Canais, caráter híbrido e figurinhas
Para Nascimento, o uso do Telegram não é para ser um substituto do WhatsApp, que tem mais um perfil de aplicativo de mensagens entre membros da família, amigos etc. Na verdade, os aplicativos se complementariam, com o Telegram sendo mais acessado para obter conteúdos alternativos.
Se no WhatsApp, a tendência é a formação de grupos menores, no Telegram os canais são o foco. Neles, as pessoas interagem com desconhecidos que tenham interesses em comum.
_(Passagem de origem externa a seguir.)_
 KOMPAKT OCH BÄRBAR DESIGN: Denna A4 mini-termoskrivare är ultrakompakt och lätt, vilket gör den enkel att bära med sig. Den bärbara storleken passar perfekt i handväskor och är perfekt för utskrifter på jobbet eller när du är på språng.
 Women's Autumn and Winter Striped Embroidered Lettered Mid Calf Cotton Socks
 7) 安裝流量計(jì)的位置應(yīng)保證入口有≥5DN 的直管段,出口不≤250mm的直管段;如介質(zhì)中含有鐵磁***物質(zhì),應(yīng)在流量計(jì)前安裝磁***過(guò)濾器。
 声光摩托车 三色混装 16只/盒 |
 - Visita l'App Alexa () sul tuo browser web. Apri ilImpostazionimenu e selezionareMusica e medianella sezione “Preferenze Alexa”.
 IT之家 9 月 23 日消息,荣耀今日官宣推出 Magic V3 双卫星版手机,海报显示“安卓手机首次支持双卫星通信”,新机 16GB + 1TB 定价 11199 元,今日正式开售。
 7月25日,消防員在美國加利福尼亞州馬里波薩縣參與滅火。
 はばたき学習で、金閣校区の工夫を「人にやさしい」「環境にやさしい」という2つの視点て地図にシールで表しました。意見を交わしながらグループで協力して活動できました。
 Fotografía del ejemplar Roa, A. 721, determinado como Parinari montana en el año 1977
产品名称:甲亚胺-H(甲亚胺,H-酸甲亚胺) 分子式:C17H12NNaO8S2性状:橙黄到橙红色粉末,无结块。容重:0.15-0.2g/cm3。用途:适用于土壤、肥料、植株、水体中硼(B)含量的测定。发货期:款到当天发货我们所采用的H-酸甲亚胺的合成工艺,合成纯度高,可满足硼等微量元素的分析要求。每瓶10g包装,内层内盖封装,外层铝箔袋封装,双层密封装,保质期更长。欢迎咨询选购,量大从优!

Algo semelhante às comunidades, que víamos no Orkut, mas agora com muito mais interação: diária e instantânea.
“Todos os pesquisadores concordam que o Telegram tem um caráter híbrido. Ele é mensageiro, mas é também rede social. Essa é uma das primeiras diferenças em relação ao WhatsApp, que é um app de troca de mensagens. Vai ter o WhatsApp Comunidades, que terá canais, mas ainda não chegou ao Brasil”, defende Nascimento.
De acordo com Raffa Lotto, sócia e diretora de planejamento da YouPix, o Telegram no Brasil foi responsável por popularizar as figurinhas e os GIFs que representam a cultura memética da Geração Z e dos millennials. “Além disso, a possibilidade de edição de mensagens e sua criptografia avançada que garante maior privacidade foram alguns dos fatores que atraíram novos usuários”, acrescentou.
Proliferação maior e desejo por mais opções
Após o WhatsApp manter um limite de 256 usuários por grupos, tanto públicos mais ligados à política quanto marcas viram no Telegram uma oportunidade de criar um canal direto com um número muito grande de pessoas.
“Empresas têm criado grupos exclusivos no Telegram para ofertar em primeira mão lançamentos, ações promocionais, sorteios, etc. Criadores de conteúdo oferecem os grupos como canal com conteúdo e interação exclusivas, e uma infinidade de usos diferentes dos que acompanhamos nas dinâmicas das redes sociais”, explicou Lotto.
Para Christian Perrone, diretor de direito e tecnologia do ITS Mídias, algumas motivações do crescimento do Telegram foram a preocupação das pessoas com as práticas de coleta de dados pessoais dos apps da Meta (como o WhatsApp); algumas funcionalidades extras que o Telegram oferece, como a possibilidade de grandes grupos; e a vontade de ter outras formas de compartilhar conteúdos.
"As pessoas estão buscando outras opções, mas há limitações, porque nem sempre a pessoa com a qual você quer conversar está naquela plataforma”, explica Perrone. No entanto, ele sente uma procura por mais opções de redes sociais além das tradicionais, como Twitter, Instagram e TikTok.
Moderação parece vir mudando, mas ainda gera desconfiança
Porém, as políticas de moderação da plataforma levantam divergências. Se por um lado, Lotto argumenta que a plataforma ainda gera preocupação em relação à falta de políticas para combate à desinformação, Nascimento diz que a postura do Telegram tem mudado do início deste ano para cá.
Após a polêmica falta de comunicação com o Supremo Tribunal Federal, a empresa têm respondido melhor e atendido aos pedidos de instituições e da justiça, assim como já faziam outras plataformas com atuação no Brasil, como Twitter e Youtube.
“Há uma certa evolução proativa do Telegram em punir e banir conteúdos caracterizados como impróprios ou errôneos, mas ainda falta transparência sobre o quanto disso está sendo colocado em prática”, lembra Lotto.